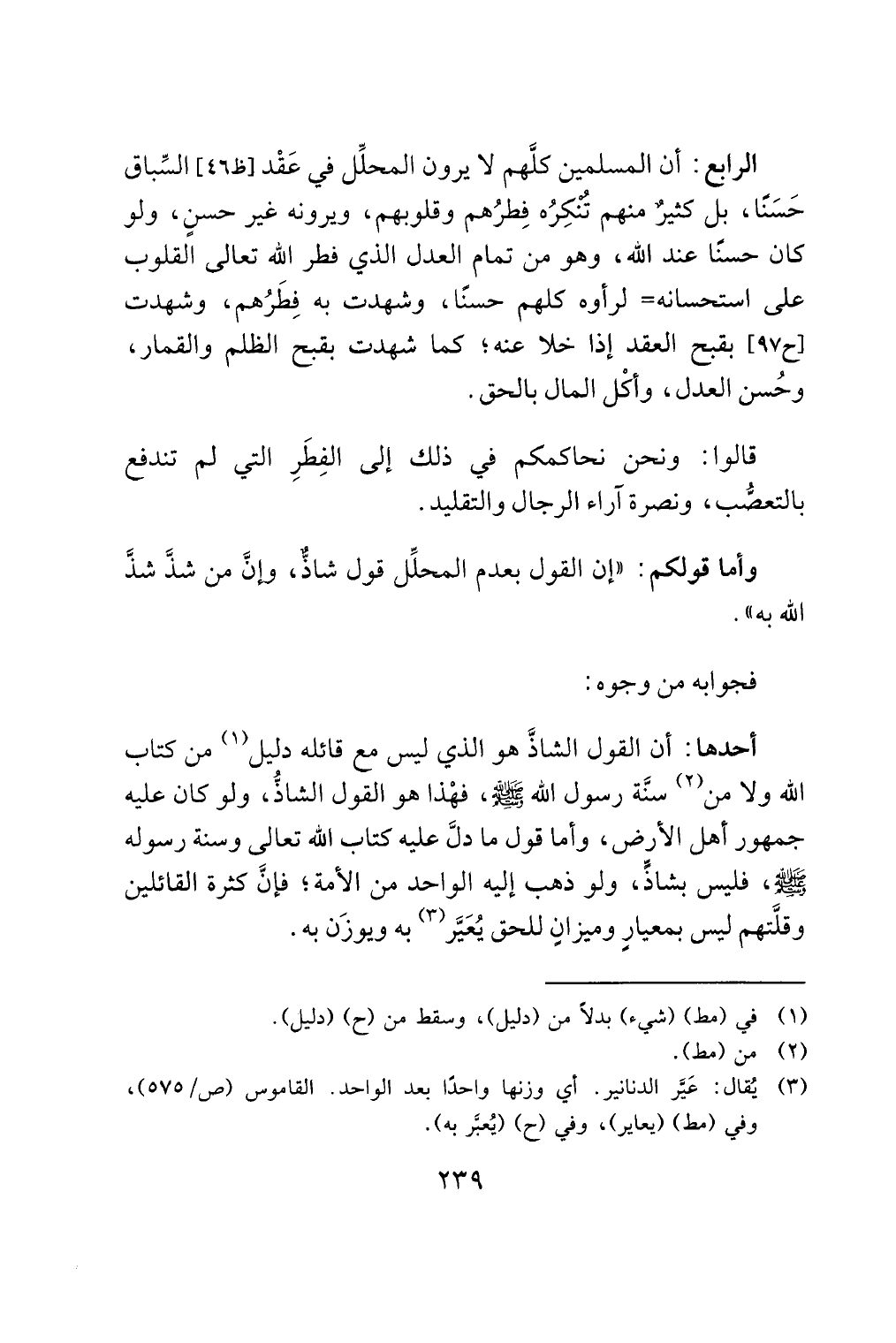 وأما قولكم: "إن القول بعدم المحلِّل قول شاذٌّ، وإنَّ من شذَّ شذَّ الله به".
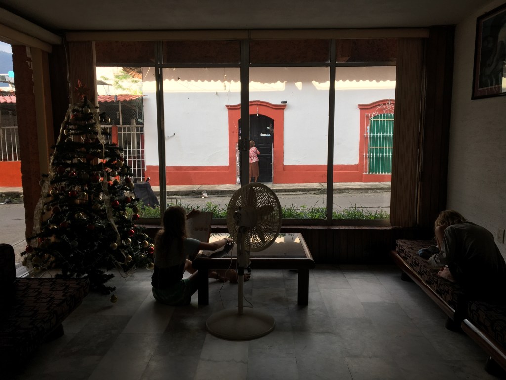 Na de brousse volgen nog een dikke 30 km langs een grote weg. Het is ondertussen zeer zonnig en zeer warm. We rijden tot in Huixtla, een levendig stadje tussen oceaan en bergen. Er zijn veel hotels, de eerste 2 zien er groezelig en smerig uit. Een man op motor wijst ons de weg naar een derde hotel, Don Carlos, en daar is het wel goed.
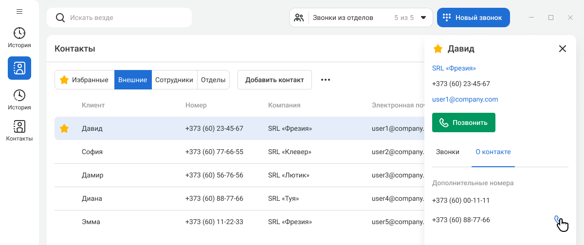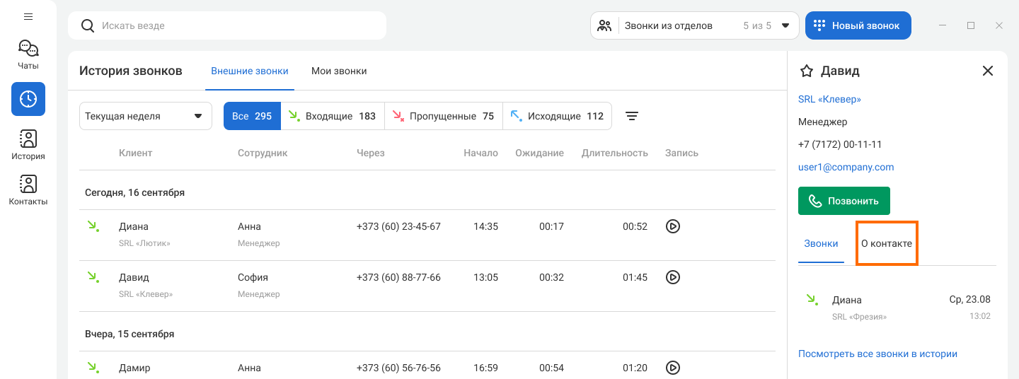 Если у клиента несколько номеров, также из карточки контакта вы можете позвонить на его дополнительный номер. Для этого в карточке перейдите на вкладку «О контакте».
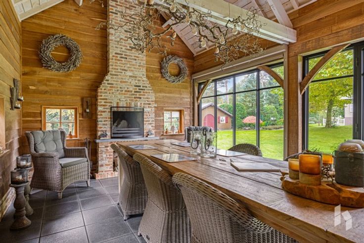 In de tuin is er een prachtig bijgebouw aanwezig met een een open haard en grote raampartij, waar je kan genieten van de tuin in elk seizoen.
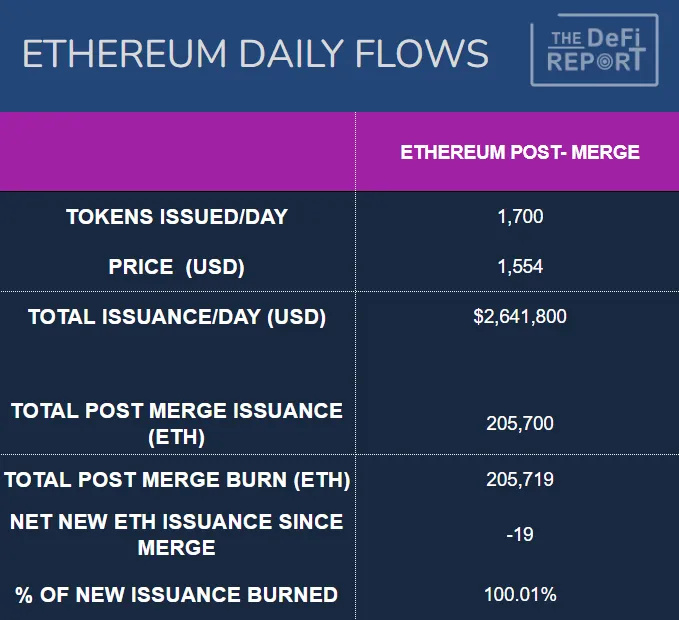 我们可以将盈利能力的转变归因于 9 月 16 日发生的合并。下面我们可以观察合并以来 ETH 的净新发行量。
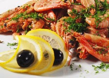A plate of seafood, including shrimp and possibly other types of seafood, is served with a lemon wedge and a black olive on the side. The seafood is garnished with parsley and is presented on a white plate. | Appetizer - Shrimp Plate Royalty Free Stock Photography | e81d9c48ed4dc611cf6f344e472fe1a56d4f1c5a8dd66e7a7d67e8f5ef9bed33 | 001229739879 | 0 | 0 | 38 | 8 | 0 | 0 | |
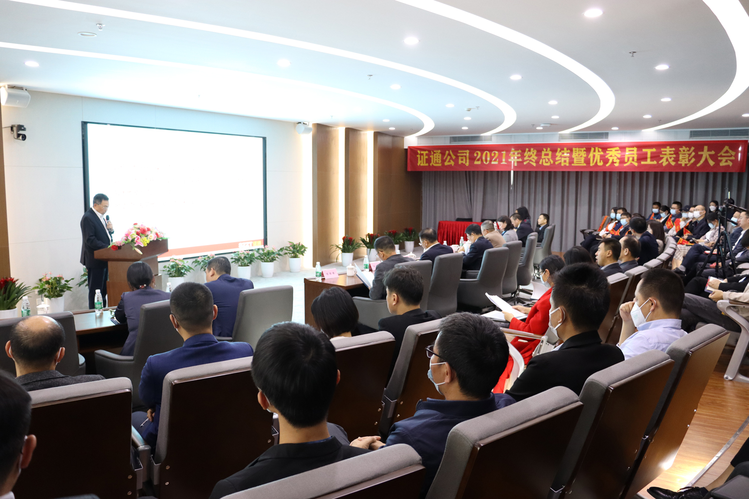 他指出,在疫情持續影響經濟下行的壓力下,包括公司高管在內的很多干部、很多員工在過去一年的工作中,嚴格按照上年度年終工作會議上提出的“突出主業、盤活存量、搞活機制、控制風險”指導思想開展工作。在嚴控風險的基礎上,調整預算、優化收入結構,引進高級管理人才等方面做出了努力,保障了公司的業績,實現了增發工作的落地、完成了公司展廳的建設,很好地達成了年內計劃的多項重點目標。更是在2021年能源政策調整中和海外的疫情中頂住壓力,穩住了市場,這都充分表現出了證通人高度負責的精神和主人翁意識,彰顯了證通人的凝聚力和戰斗力!
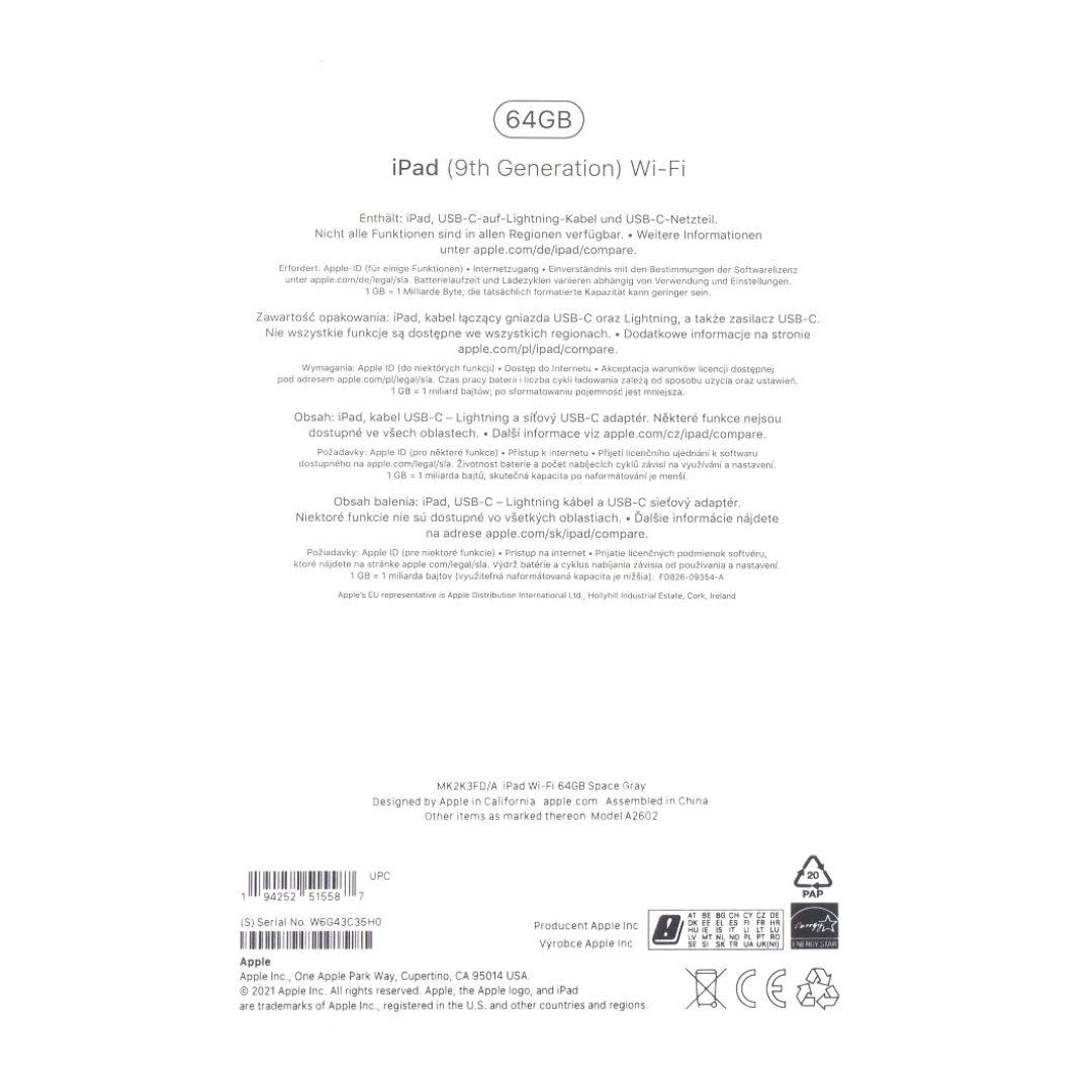 Apple iPad (9th Generation) 64GB, ArtNr.A2602, OVP, (Neu!), inkl. 20% MwSt.
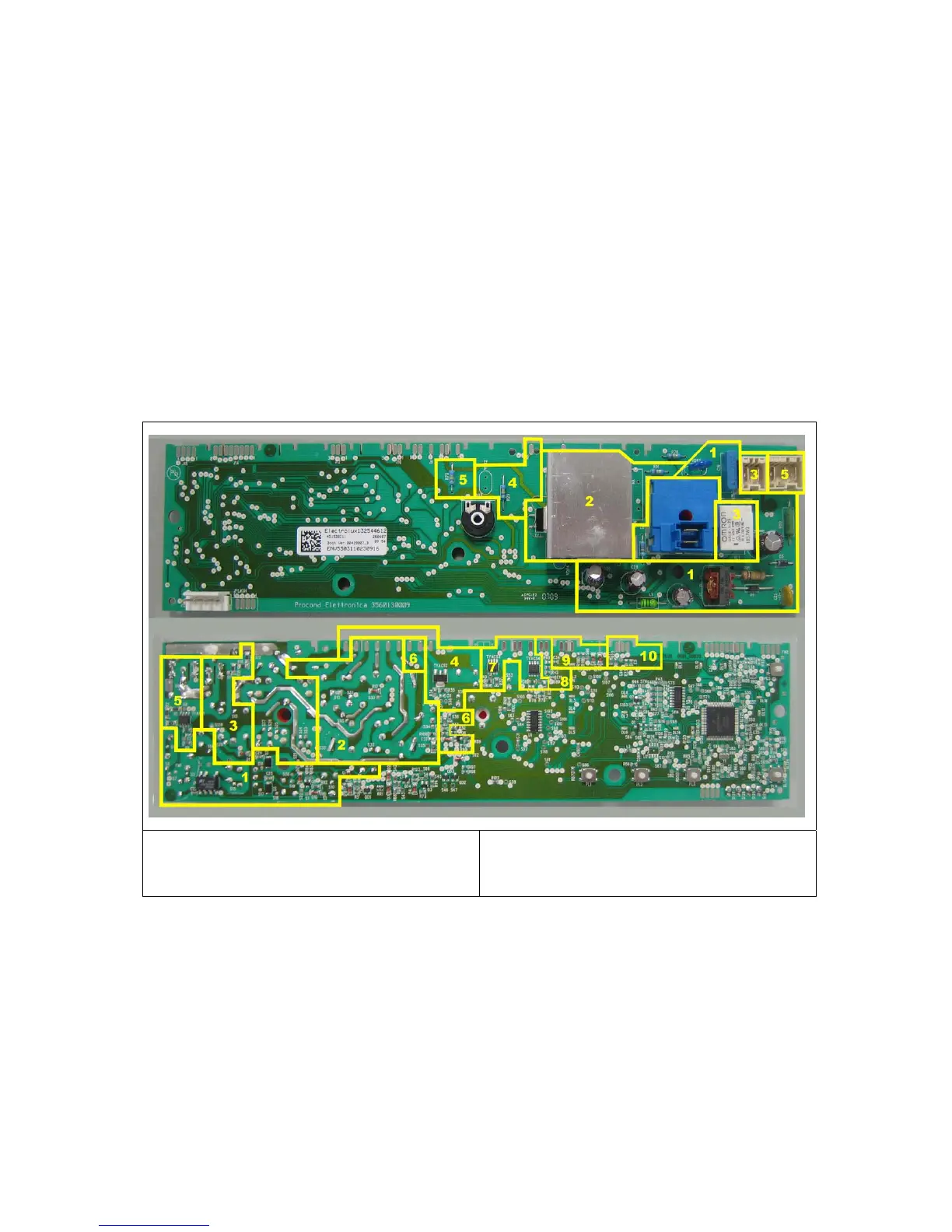 In case of burning on the main circuit board, check that the problem is not caused by another electrical component (short-circuits, poor insulation, water leakage). Refer
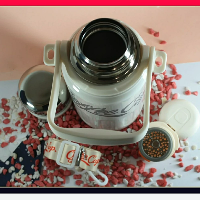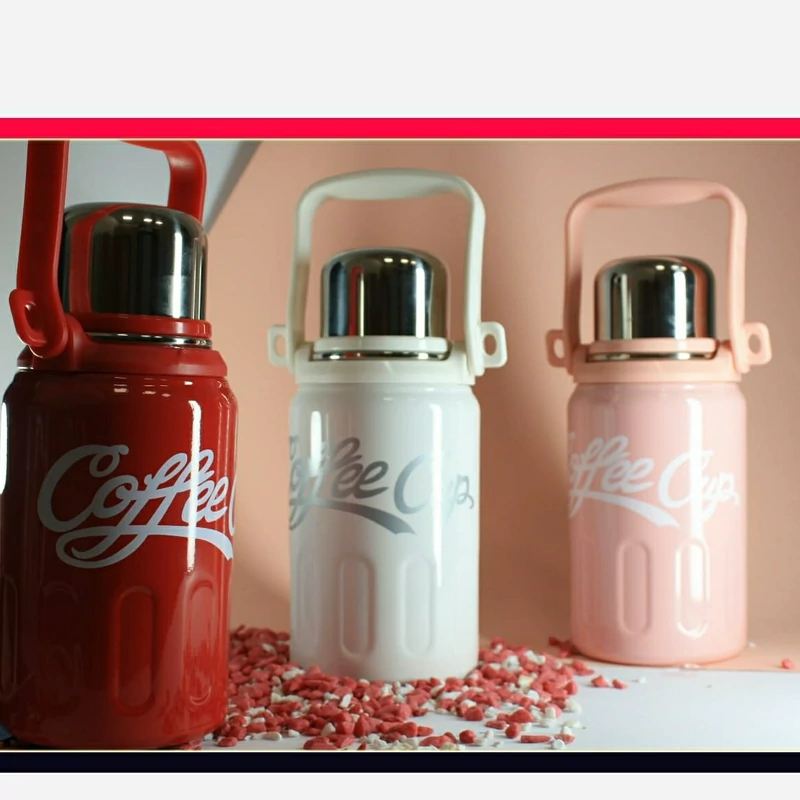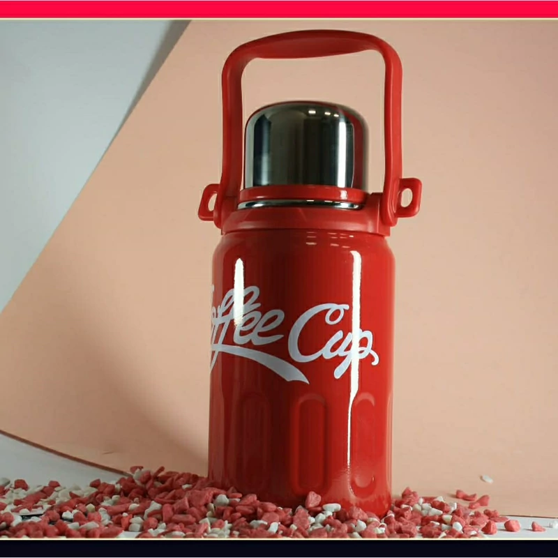 فلاسک استیل دسته دار بنددار یک لیتر سه رنگ جذاب مارک کافی کاپ دکمه ای جنس وارداتی ارسال به سراسر کشور
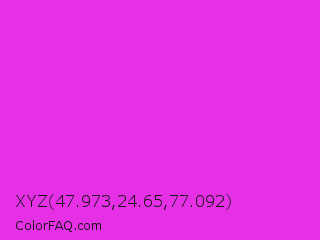 XYZ 47.973,24.65,77.092 Color is a normal magenta color and the nearest color is Razzle Dazzle Rose #ff33cc. Hex code #e630e6 and RGB value is rgb(230,48,230). In RGB color space, this color is composed of 90% red, 19% green, 90% blue, In CMYK color space, this color is composed of 0% cyan, 79% magenta, 0% yellow , 10% black , In HSL color space, this color has a hue angle of 300° , 78% saturation and 55% lightness.
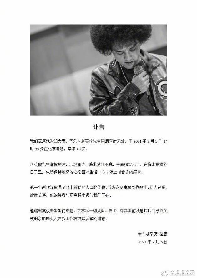 而他的家人也根据他的遗嘱,准备低调举办丧礼,人前不风光,人后很低调,这样有才华,还低调的人,真的让人觉得可惜,一起合作过的大鹏,更是直接发文表示想念,可以看的出来,大鹏对赵英俊的感情还是很深厚的。
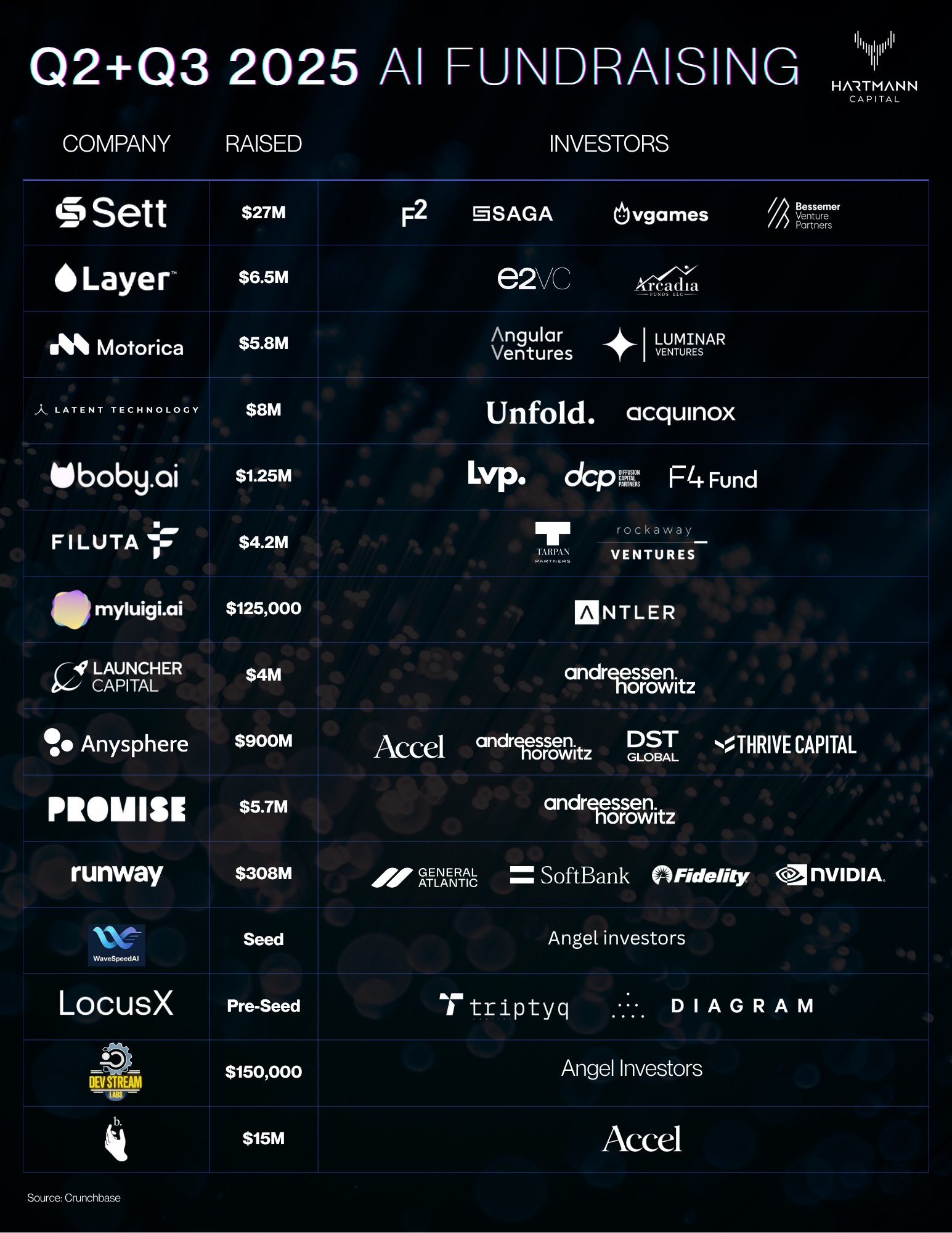 AI companies in gaming and developer tooling captured significant investor attention in Q2 and Q3 2025. Notable funding rounds during this period include:

» **WORK TO BE COMPLETED**
The first line of the entries, the line containing "Apple iPad (9th", and every line between them are to be output exactly; pictures are not.

» **EXERCISE RESPONSE**
 وأما قولكم: "إن القول بعدم المحلِّل قول شاذٌّ، وإنَّ من شذَّ شذَّ الله به".
 Na de brousse volgen nog een dikke 30 km langs een grote weg. Het is ondertussen zeer zonnig en zeer warm. We rijden tot in Huixtla, een levendig stadje tussen oceaan en bergen. Er zijn veel hotels, de eerste 2 zien er groezelig en smerig uit. Een man op motor wijst ons de weg naar een derde hotel, Don Carlos, en daar is het wel goed.
 Если у клиента несколько номеров, также из карточки контакта вы можете позвонить на его дополнительный номер. Для этого в карточке перейдите на вкладку «О контакте».
 In de tuin is er een prachtig bijgebouw aanwezig met een een open haard en grote raampartij, waar je kan genieten van de tuin in elk seizoen.
 我们可以将盈利能力的转变归因于 9 月 16 日发生的合并。下面我们可以观察合并以来 ETH 的净新发行量。
A plate of seafood, including shrimp and possibly other types of seafood, is served with a lemon wedge and a black olive on the side. The seafood is garnished with parsley and is presented on a white plate. | Appetizer - Shrimp Plate Royalty Free Stock Photography | e81d9c48ed4dc611cf6f344e472fe1a56d4f1c5a8dd66e7a7d67e8f5ef9bed33 | 001229739879 | 0 | 0 | 38 | 8 | 0 | 0 | |
 他指出,在疫情持續影響經濟下行的壓力下,包括公司高管在內的很多干部、很多員工在過去一年的工作中,嚴格按照上年度年終工作會議上提出的“突出主業、盤活存量、搞活機制、控制風險”指導思想開展工作。在嚴控風險的基礎上,調整預算、優化收入結構,引進高級管理人才等方面做出了努力,保障了公司的業績,實現了增發工作的落地、完成了公司展廳的建設,很好地達成了年內計劃的多項重點目標。更是在2021年能源政策調整中和海外的疫情中頂住壓力,穩住了市場,這都充分表現出了證通人高度負責的精神和主人翁意識,彰顯了證通人的凝聚力和戰斗力!
 Apple iPad (9th Generation) 64GB, ArtNr.A2602, OVP, (Neu!), inkl. 20% MwSt.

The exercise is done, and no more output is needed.